Шрифт:
Закладка:
– Оли больше нет, – собираю волю в кулак и заставляю себя посмотреть в ее глаза, – мне жаль, Ангел.
– Нет, – голубые большие глаза опять наполняются слезами, а все тело сотрясает мелкой дрожью, – как же так? Я не успела, боже, – она цепляется за меня своими ладонями и жмется, принимая мое сочувствие, – как же так?

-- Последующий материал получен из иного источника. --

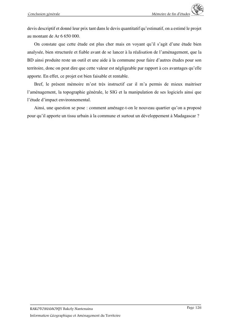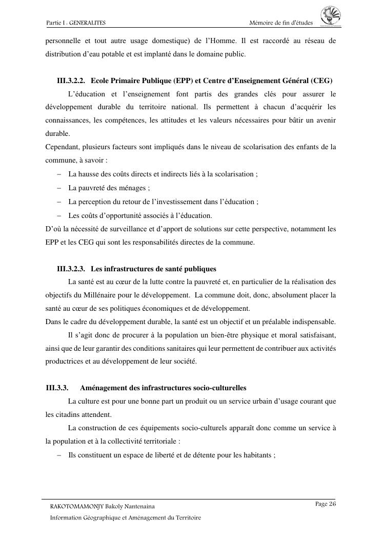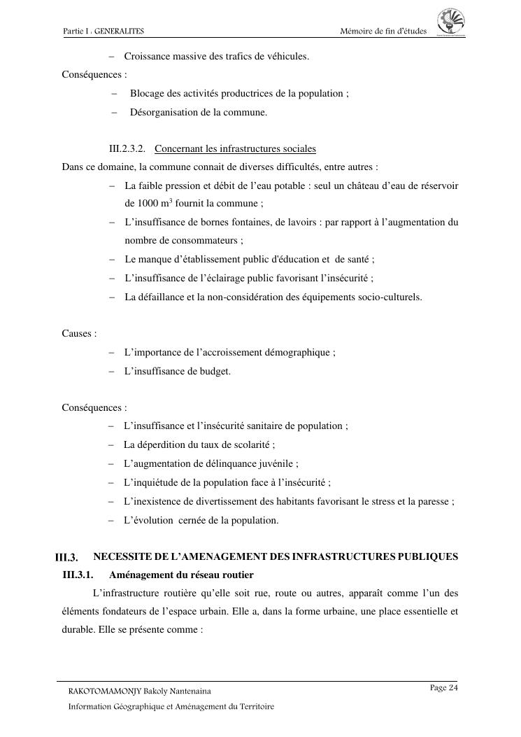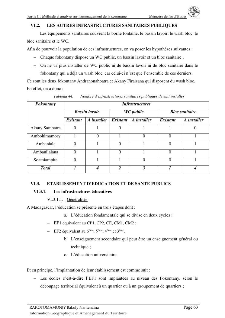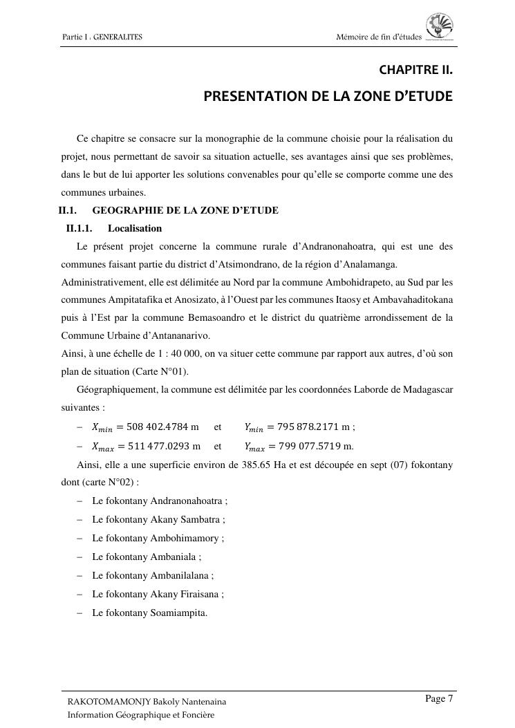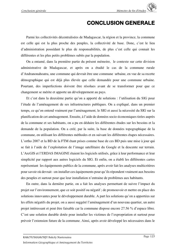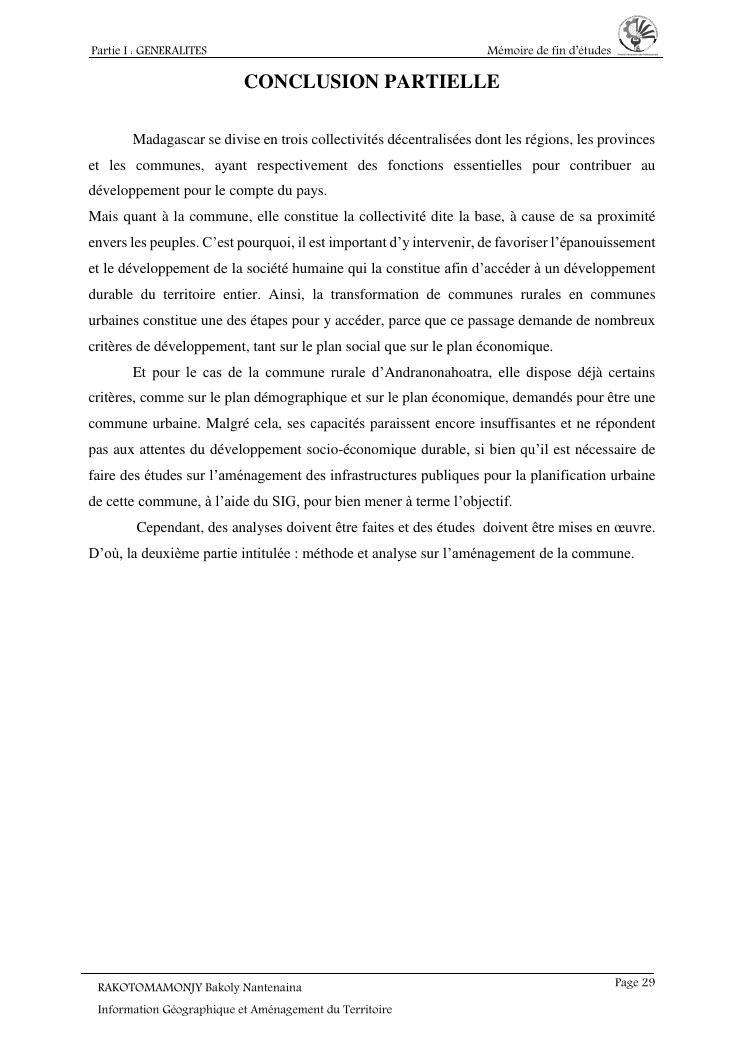 etude de l'amenagement des infrastructures publiques d'une commune rurale pour son passage en commune urbaine, a l'aide du systeme d'information geographique. cas de la commune rurale d'andranonahoatra

– Мне жаль, – обнимаю малышку за лицо и целую в мокрые щеки, – давай ты присядешь, – почти вношу ее в машину и усаживаю на просторное заднее сиденье, вытаскиваю из бардачка бутылку воды и вкладываю в ее ладони.
– Давно? – Ангелина вытирает тыльной стороной ладони слезы и смотрит на меня, все еще стоящего снаружи. Она так потеряна, что хочется увести ее тут же и продолжить как-нибудь потом, когда она сможет принять хотя бы это.
– Пять лет назад, – упираюсь в крышу машины ладонями и нависаю над ней.
– Еще до папы, – она тянется к своей дорожной сумке, что стоит здесь же на сиденье и вынимает из кармашка платок, – а твой отец?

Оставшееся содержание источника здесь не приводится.